Posted on:2014-03-11Degree:Ph.DType:Dissertation
University:University of California, DavisCandidate:de Wit, Joeri FrederikFull Text:PDF
GTID:1450390005991576Subject:Economics
Abstract/Summary:
"The Geysers" is a geothermal steam to electricity field in California. Over a period of 60 years, The Geysers has witnessed the entry/exit of multiple firms as total steam production grew, peaked, and then began to decline. Using a conceptual model for the extraction of steam from a vapor dominated geothermal reservoir I show that this pattern of field development may, to some extent, be a result of spatial externalities. Spatial externalities arise because fluids in the reservoir are mobile. Production and injection decisions of one well operator can affect the flow rate of wells owned by other operators.
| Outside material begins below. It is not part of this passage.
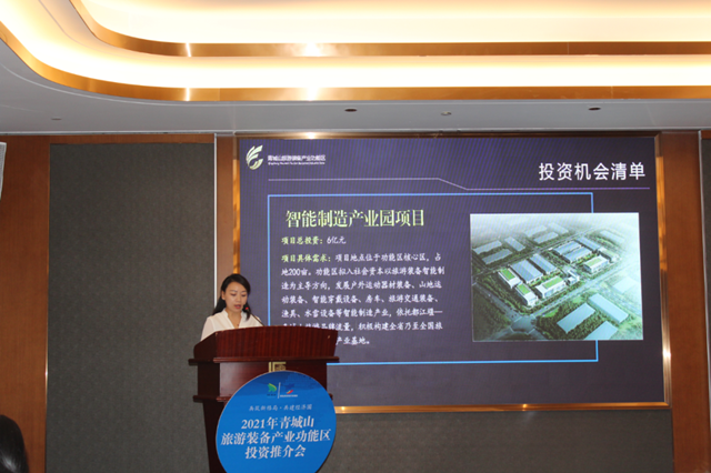 随后,青城山旅游装备产业功能区党工委委员、管委会副主任彭涛就都江堰城市魅力、文化底蕴、发展潜力、发展机遇作介绍,从功能区区位优势、城市配套、资源要素、产业规划、政务环境等方面,详细介绍了功能区在发展旅游装备制造、智能制造、健康休闲食品等领域的产业优势,并发布投资总额达97亿元的产业项目投资机会清单7个。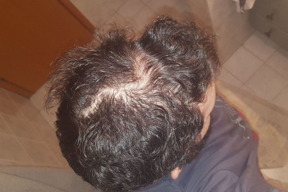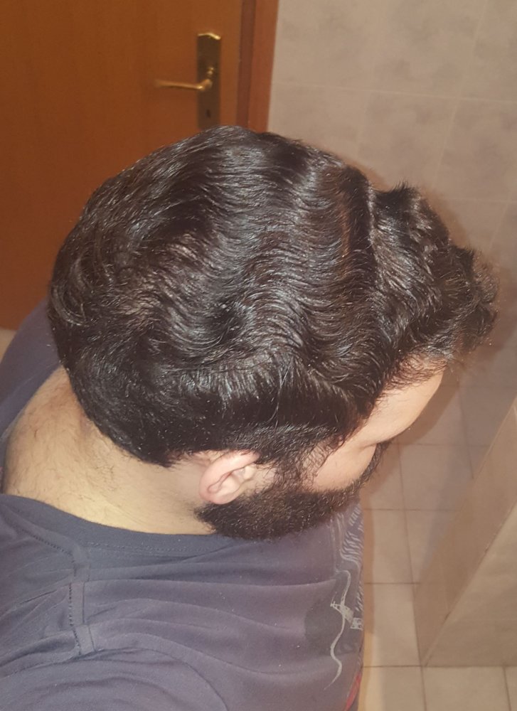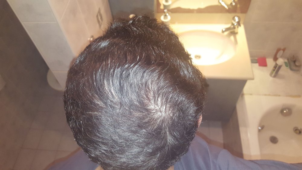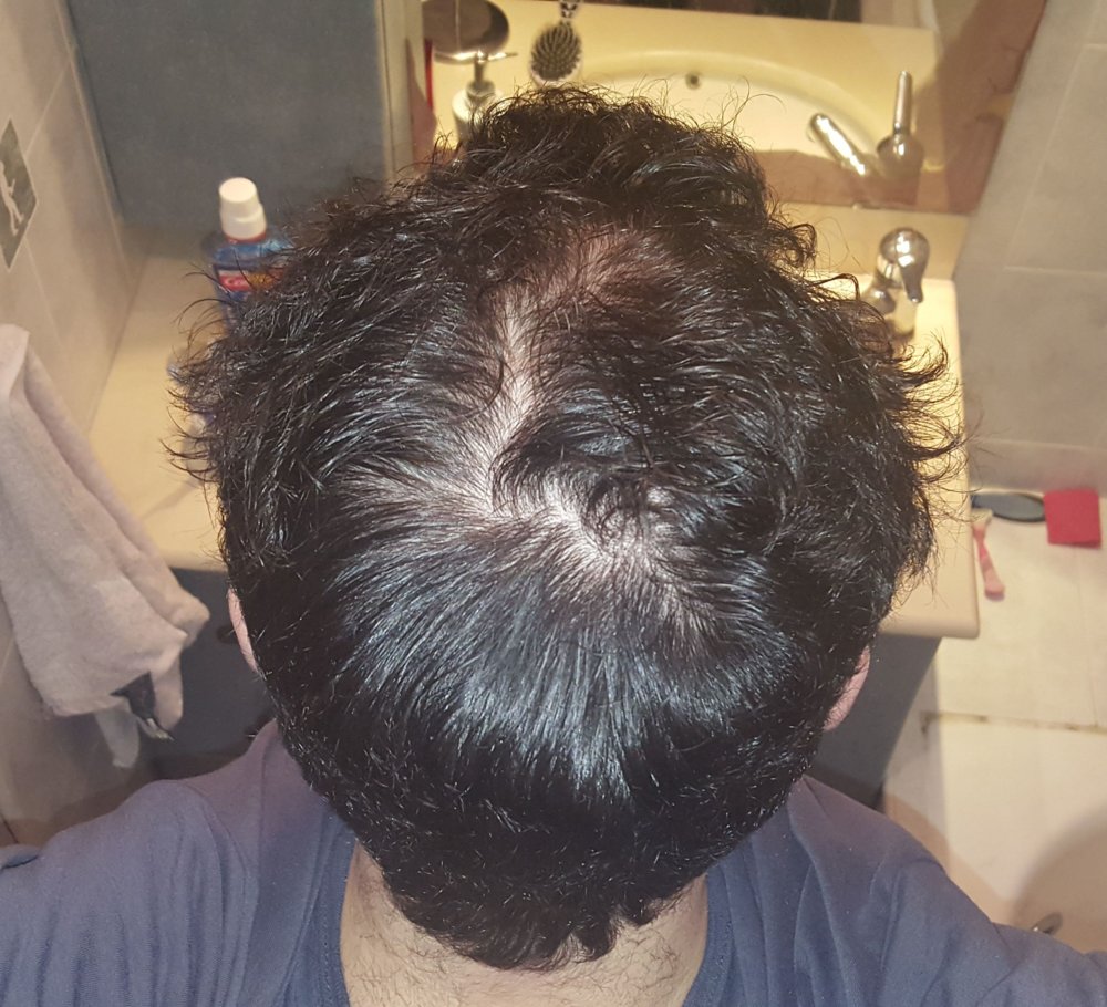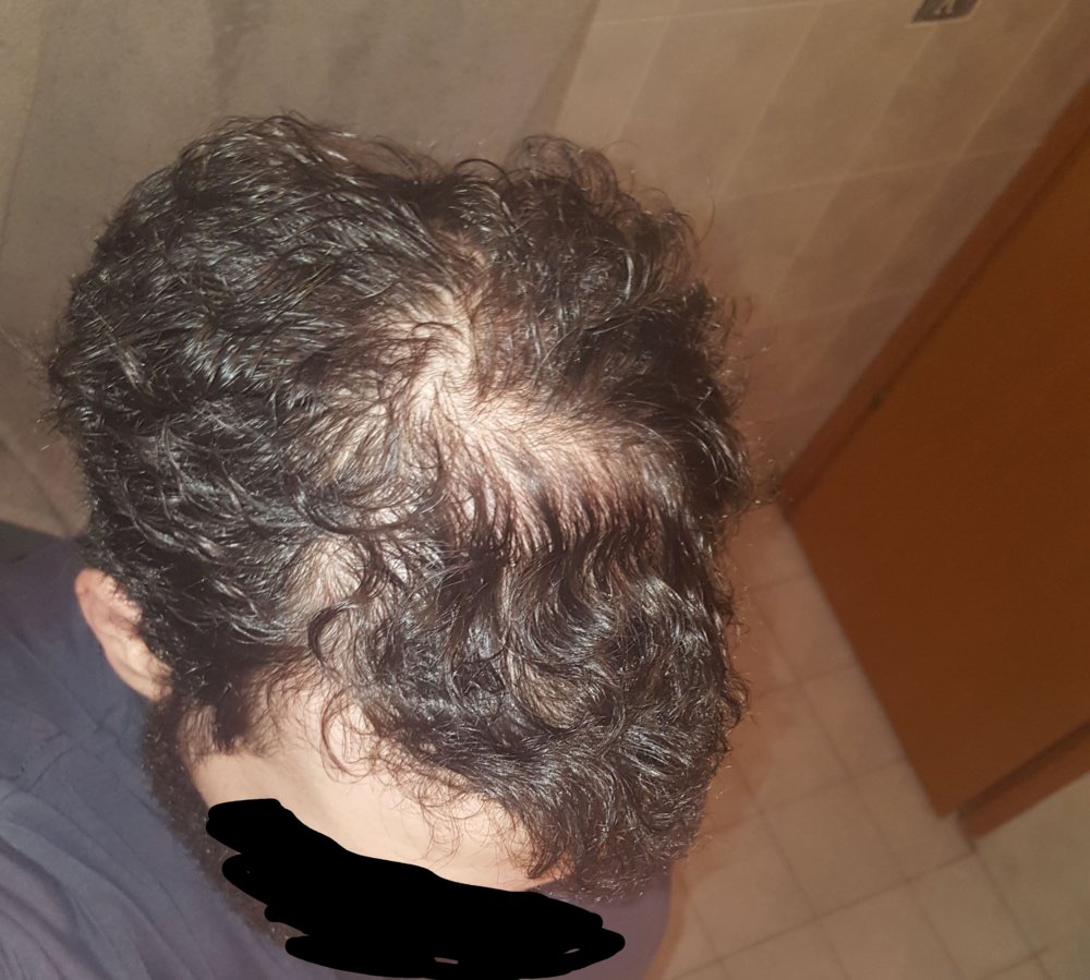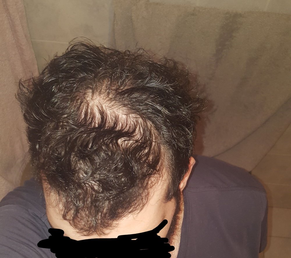 Hard to say what it looks like on top but he definitely got a lot of stuff going on around his hairline.

When independently profit maximizing operators fail to take into account interdependence between wells, they extract fluids at a rate which exceeds that which would have maximized field-wide profits. The welfare loss that arises from the negative externality manifests largely in the form of over-capitalization, the building of too many wells and power plants. Results from a well-level spatial econometric model indicate that interdependence between wells at The Geysers is substantial. These results warrant further investigation of the common property nature of geothermal resources and a regulatory framework to manage spatial externalities that can arise in them.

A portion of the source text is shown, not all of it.